3. The Common Anode (CA) vs. Common Cathode (CC) is interesting.  First off, the original design was a common cathode configuration.  That is, you could simply take the 6 signals (RYG E-W, and RYG N-S) BEFORE the 10K resistor and Base input to the transistors and attempt to drive the MTH CC signal head(s).  In other words you could do this today with the hardware you have.

4. But, if this is too dim or you want a dual-purpose (CC or CA) alternative with what I understand is your latest version of the PCB:

traffic light CA vs CC using NPN drivers

a) install the 6 transistors "backwards".  That is, rather than CBE for pins 1-2-3, rotate the NPN transistor 180 degrees.  The B is still the middle pin but you are swapping the E and B terminals of the transistor.  This makes the NPN transistor into a non-inverting buffer using the so-called "emitter follower" configuration.  So you get the benefit of additional current driving capability (i.e., the buffering) that a transistor brings to the table.

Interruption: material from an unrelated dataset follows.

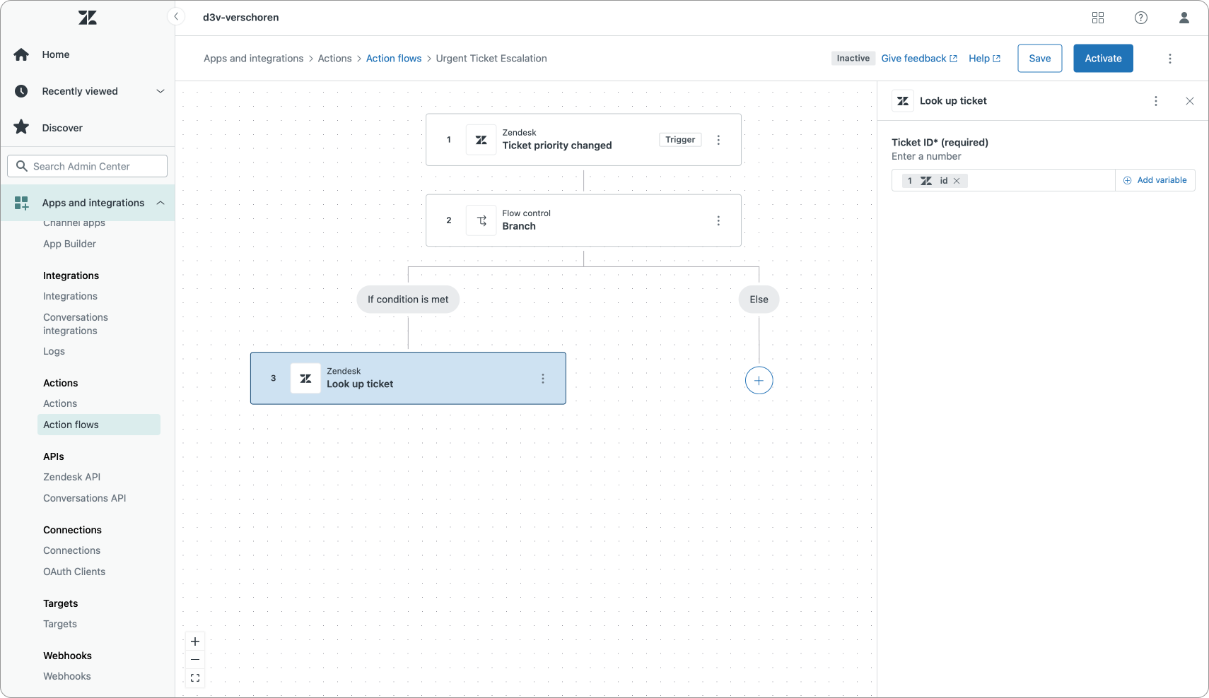 For the high priority branch we then need to look up ticket details. We do this by passing a parameter id to the Look up ticket step. This will give us full ticket details like subject, description, status e.a.

b) as shown, the 6 transistor emitter at the top which previously went to GND for CA now go to VDD.

c) as shown, the 4 resistors at bottom which previously went to VDD for CA now go to GND.

Note that unless your PCB layout software did something weird, you should be able to cut a single trace for b) and c) and on the bench simply tack the wires to the opposite power supply rail (VDD become GND, GND becomes VDD).  Or if re-designing a PCB, you'd make, say, a 3-terminal 0.1" header with the VDD on pin 1 and GND on pin 3.  Then use a push-on programming jumper to steer pin 2 to either 1 or 3 depending on the CA vs. CC application.

d) lower the value of the 6 resistors from 10K  for CA to, say, 100 ohms for CC.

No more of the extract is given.